Imperiumby Ryszard Kapuscinski
Ryszard Kapuscinski's last book, The Soccer War -a revelation of the contemporary experience of war -- prompted John le Carre to call the author "the conjurer extraordinary of modern reportage." Now, in Imperium, Kapuscinski gives us a work of equal emotional force and evocative power: a personal, brilliantly detailed exploration of the almost unfathomably complex Soviet empire in our time.
He begins with his own childhood memories of the postwar Soviet occupation of Pinsk, in what was then Poland's eastern frontier ("something dreadful and incomprehensible...in this world that I enter at seven years of age"), and takes us up to 1967, when, as a journalist just starting out, he traveled across a snow-covered and desolate Siberia, and through the Soviet Union's seven southern and Central Asian republics, territories whose individual histories, cultures, and religions he found thriving even within the "stiff, rigorous corset of Soviet power."
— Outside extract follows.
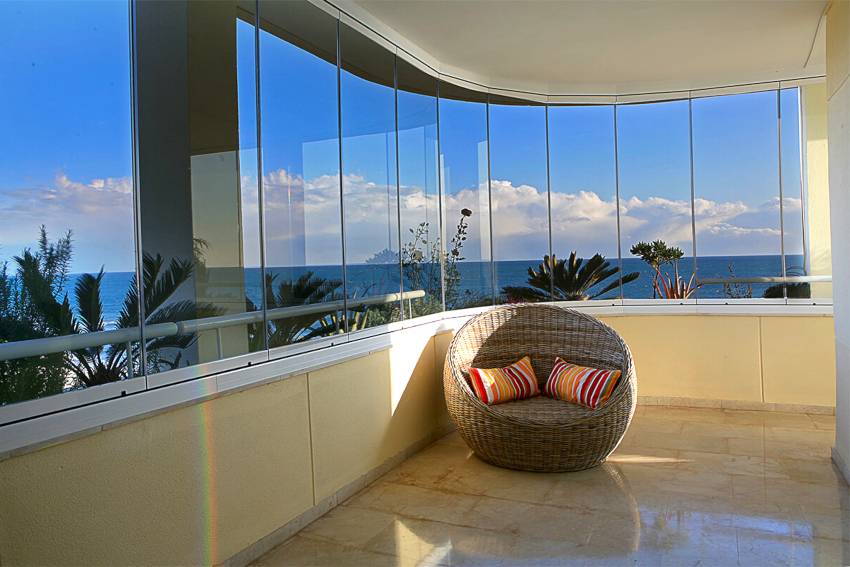 Безрамное панорамное остекление находит достойное применение в интерьере балконов и лоджий. Как было сказано ранее, благодаря отсутствию рам создается иллюзия целостности единого большого стекла. Данная конструктивная особенность дает возможность получить практически уникальный вид на окрестный город, не ограничивающий обзор рамами.

Between 1989 and 1991, Kapuscinski made a series of extended journeys through the disintegrating Soviet empire, and his account of these forms the heart of the book. Bypassing official institutions and itineraries, he traversed the Soviet territory alone, from the border of Poland to the site of the most infamous gulags in far-eastern Siberia (where "nature pals it up with the executioner"), from above the Arctic Circle to the edge of Afghanistan, visiting dozens of cities and towns and outposts, traveling more than 40,000 miles, venturing into the individual lives of men, women, and children in order to Understand the collapsing but still various larger life of the empire.
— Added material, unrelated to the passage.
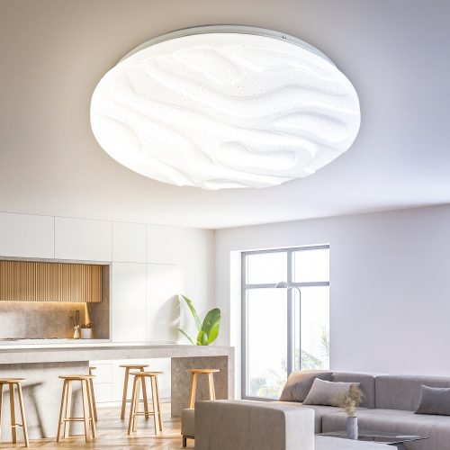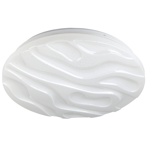 Особенный дизайн плафона в виде рельефных волн гармонично сочетается с круглым корпусом. Изюминка LED светильника эффект звездного неба! Хаотичное мерцание поможет создать романтичную атмосферу в спальне, добавить волшебства детской и разнообразить гостиную.

Bringing the book to a close is a collection of notes which, Kapuscinski writes, "arose in the margins of my journeys" -- reflections on the state of the ex-USSR and on his experience of having watched its fate unfold "on the screen of a television set...as well as on the screen of the country's ordinary, daily reality, which surrounded me during my travels." It is this "schizophrenic perception in two different dimensions" that enabled Kapuscinski to discover and illuminate the most telling features of a society in dire turmoil.
Imperium is a remarkable work from one of the most original and sharply perceptive interpreters of our world -- galvanizing narrative deeply informed by Kapuscinski's limitless curiosity and his passion for truth, and suffused with his vivid sense of the overwhelming importance of history as it is lived, and of our constantly shifting places within it.
—Los Angeles Times
"Kapuscinski is an enchanting guide, combining boundless stamina, felicitous writing, childish curiosity and the literate authority of a true intellectual. . . . There are treasures in this book. . . .It is a triumphant combination of bleak history and black comedy."
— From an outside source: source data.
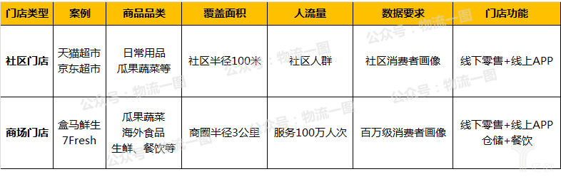 門(mén)店載體按輻射面積可分為社區(qū)門(mén)店和商圈門(mén)店,社區(qū)門(mén)店主要指小區(qū)內(nèi)零售商店(如京東便利店和天貓超市),而商圈門(mén)店指核心商業(yè)街、百貨大廈或大賣(mài)場(chǎng)內(nèi)的綜合門(mén)店(如盒馬鮮生和超級(jí)物種),兩種載體在店鋪面積、消費(fèi)者覆蓋等方面有較大區(qū)別,這也直接決定了店內(nèi)SKU數(shù)量及功能區(qū)別,當(dāng)然對(duì)新零售線上線下能力要求也有較大區(qū)別,具體區(qū)別如下:
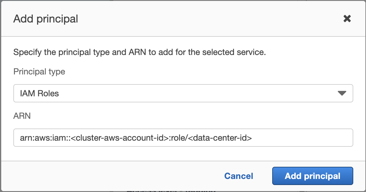 12345678910111213{"Version": "2012-10-17","Statement": [{"Effect": "Allow","Principal": {<strong>"AWS": "arn:aws:iam::<cluster-aws-account-id>:role/<data-center-id>"</strong>},"Action": "sts:AssumeRole","Condition": {}}]} - Update the trust policy of S3 access role
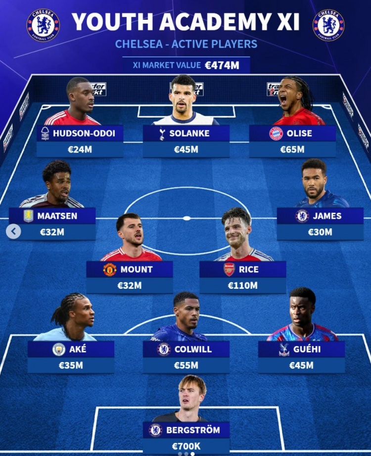 切爾西青訓(xùn)當(dāng)前身價(jià)最貴陣:總身價(jià)4.74億歐元

—The New York Times Book Review
"When our children's children want to study the cruelties of the late twentieth century . . . when they wonder why revolution after revolution betrayed its promises hrough greed, fear and confusion, they should read Ryszard Kapuscinski."
—Wall Street Journal
"A compelling and convincing narrative that examines the extensive damage done to entire nations, the human psyche and the physical environment....This is a devastating picture of Russia [that] penetrates deeply into the depressing truths of 70 years of Soviet rule, the borders, the fear, the inhumanity.... His portrait of the 'Imperium' is tragic, but ever so true."
—Professor Thomas R. Beyer, Jr., Middlebury College, The Boston Globe
Meet the Author
Ryszard Kapuscinski was born in eastern Poland in 1932. His earlier books, which include Shah of Shahs, The Emperor, and The Soccer War, have been translated into nineteen languages.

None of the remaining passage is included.